Loads the necessary classes and functions.

In [16]:
# Imports PyTorch
import torch
# Imports problems
from gpol.problems.tsp import TSP
from gpol.utils.utils import travel_distance
# Imports metaheuristics 
from gpol.algorithms.random_search import RandomSearch
from gpol.algorithms.local_search import HillClimbing
from gpol.algorithms.local_search import SimulatedAnnealing
from gpol.algorithms.genetic_algorithm import GeneticAlgorithm
# Imports operators
from gpol.operators.initializers import rnd_vshuffle, rnd_mshuffle
from gpol.operators.selectors import prm_tournament
from gpol.operators.variators import partially_mapped_xo, prm_iswap_mnt

Creates an instance of ``TSP``. The search space (*S*) of an instance of ``TSP`` consists of the following key-value pairs:
- ``"distances"`` is a $n$x$n$ tensor of type ``torch.float`` which represents the distances' matrix for the underlying problem. The matrix can be either symmetric or asymmetric. A given row $i$ in the matrix represents the set of distances between $i$, as being the origin, and the $n$ possible destinations (including $i$ itself);
- ``"origin"``: an integer value representing the origin, i.e., the point from where the *travelling salesman* departs.

In [17]:
# Defines the processing device and random state 's seed
device, seed = "cpu", 0  # 'cuda' if torch.cuda.is_available() else 'cpu', 0
# Characterizes the problem: distance matrix (from https://developers.google.com/optimization/routing/tsp)
dist_mtrx = torch.tensor([[0, 2451, 713, 1018, 1631, 1374, 2408, 213, 2571, 875, 1420, 2145, 1972],
                [2451, 0, 1745, 1524, 831, 1240, 959, 2596, 403, 1589, 1374, 357, 579],
                [713, 1745, 0, 355, 920, 803, 1737, 851, 1858, 262, 940, 1453, 1260],
                [1018, 1524, 355, 0, 700, 862, 1395, 1123, 1584, 466, 1056, 1280, 987],
                [1631, 831, 920, 700, 0, 663, 1021, 1769, 949, 796, 879, 586, 371],
                [1374, 1240, 803, 862, 663, 0, 1681, 1551, 1765, 547, 225, 887, 999],
                [2408, 959, 1737, 1395, 1021, 1681, 0, 2493, 678, 1724, 1891, 1114, 701],
                [213, 2596, 851, 1123, 1769, 1551, 2493, 0, 2699, 1038, 1605, 2300, 2099],
                [2571, 403, 1858, 1584, 949, 1765, 678, 2699, 0, 1744, 1645, 653, 600],
                [875, 1589, 262, 466, 796, 547, 1724, 1038, 1744, 0, 679, 1272, 1162],
                [1420, 1374, 940, 1056, 879, 225, 1891, 1605, 1645, 679, 0, 1017, 1200],
                [2145, 357, 1453, 1280, 586, 887, 1114, 2300, 653, 1272, 1017, 0, 504],
                [1972, 579, 1260, 987, 371, 999, 701, 2099, 600, 1162, 1200, 504, 0]], dtype=torch.float, device=device)

# Creates the search space
sspace_tsp = {"distances": dist_mtrx, "origin": 3}
# Creates an instance of TSP
pi_tsp = TSP(sspace=sspace, ffunction=travel_distance, min_=True)

# 2. Choose and parametrize the algorithms.

## 2.1. Random search (RS).
The random search (RS) can be seen as thethe first rudimentary stochastic metaheuristic for problem-solving.

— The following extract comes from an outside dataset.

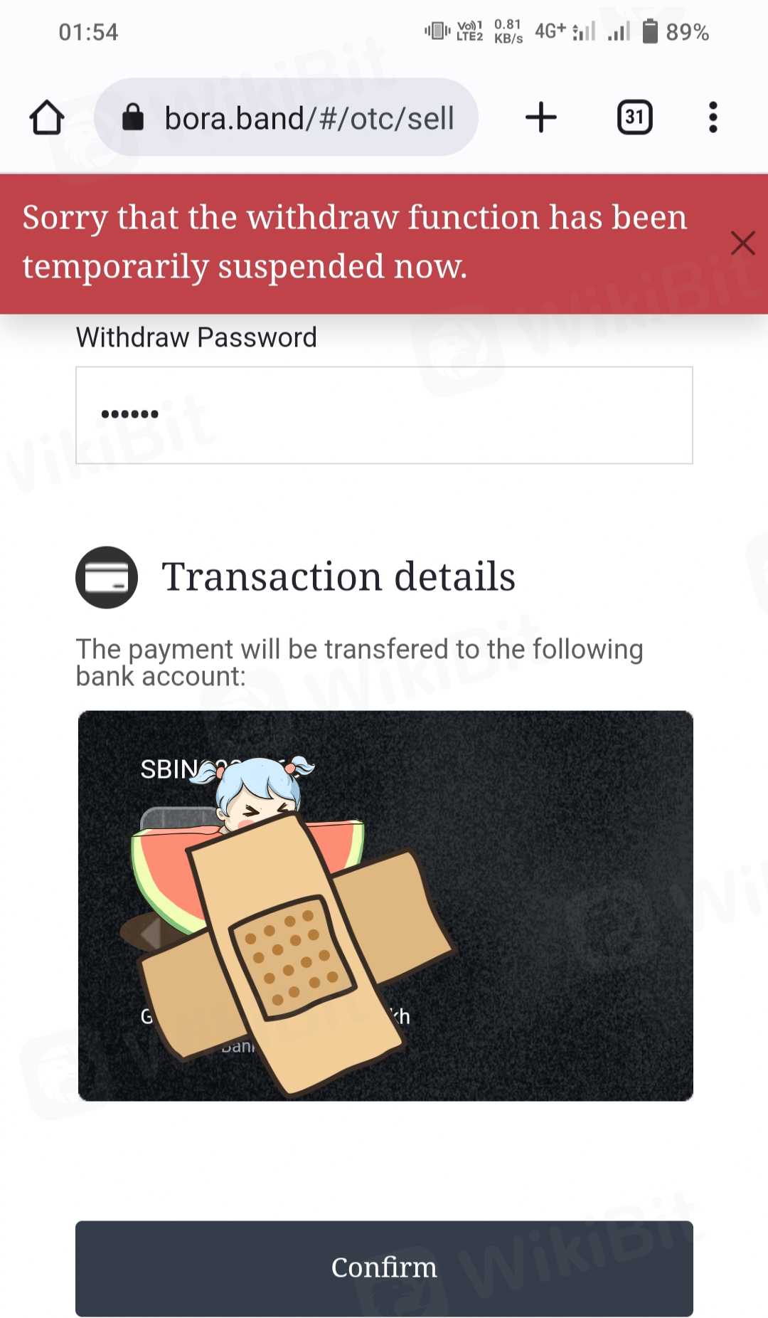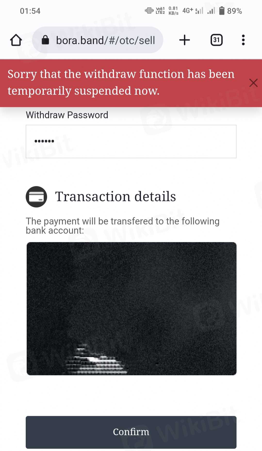 Bora NSQ承诺在7月22日后开放出金系统,但没做到。正在进行的usdt出金被取消了,我花了100 usdt激活了账户。但今天所有提款系统均被叫停,提款系统也暂时停止显示。
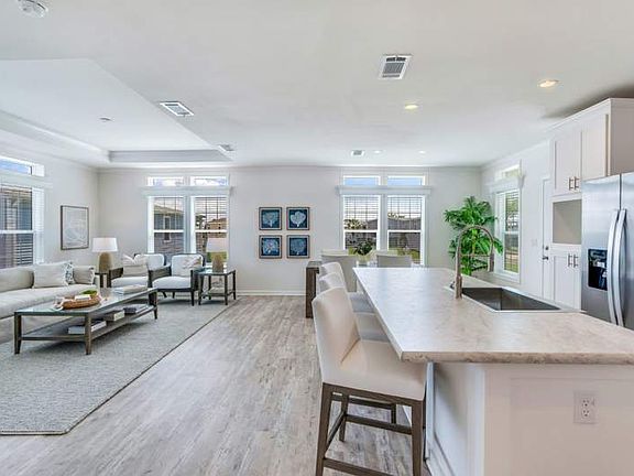 This beautifully crafted 2-bedroom, 2-bathroom home with a spacious 1,415 sq ft floor plan offers modern elegance and functionality. The home is designed with an open concept layout that seamlessly flows from the living area to the kitchen, creating the perfect space for everyday living and entertaining. The covered front porch welcomes you, while inside, luxury vinyl plank flooring, tray ceilings, and crown molding detail enhance the home's charm.The kitchen is a standout, featuring hardwood shaker cabinetry, high-definition countertops, and a ceramic tile backsplash. A large kitchen island provides ample storage and workspace, while the farmhouse kitchen sink adds a touch of rustic elegance. Equipped with stainless steel electric appliances, this kitchen is both stylish and practical.The master bathroom includes a walk-in ceramic tile shower, and both bathrooms are finished with framed mirrors and satin & brushed nickel hardware for a refined look. Designer pendant lights illuminate the space, complementing the home's modern aesthetic. Built to the highest Wind Zone 3 (WZ3) standards, this home is designed to stand up to the elements while offering ultimate comfort. With a carport for added convenience, this home combines luxury, durability, and timeless design.Introducing the brand-new Osprey Bay, a premier 55+ community located in the sun-drenched City of Palms, where sparkling waves meet white sand. Nestled within the heart of Fort Myers, Osprey Bay offers unparalleled access to everything this vibrant city has to offer. From the serene shores of Sanibel Island and stunning beaches to an abundance of top-tier restaurants, retail, museums, and coastal lifestyle experiences, this home provides a gateway to the very best of Fort Myers and beyond. Whether you're seeking relaxation by the water or exploring local attractions, Osprey Bay places you at the center of it all, offering a true taste of Florida's idyllic coastal living.*Model home starting price subject to change*

Its strategy, far away from being *intelligent*, consists of randomly sampling $S$ for a given number of iterations. As such, the only search-parameter of an instance of ``RandomSearch`` is the initialization function (the ``initializer``). The function ``rnd_vshuffle`` is one of the numerous initializers for the single-point (SP) algorithms and it randomly shuffles *cities*' indexes (which are defined in the $S$ of the problem's instance).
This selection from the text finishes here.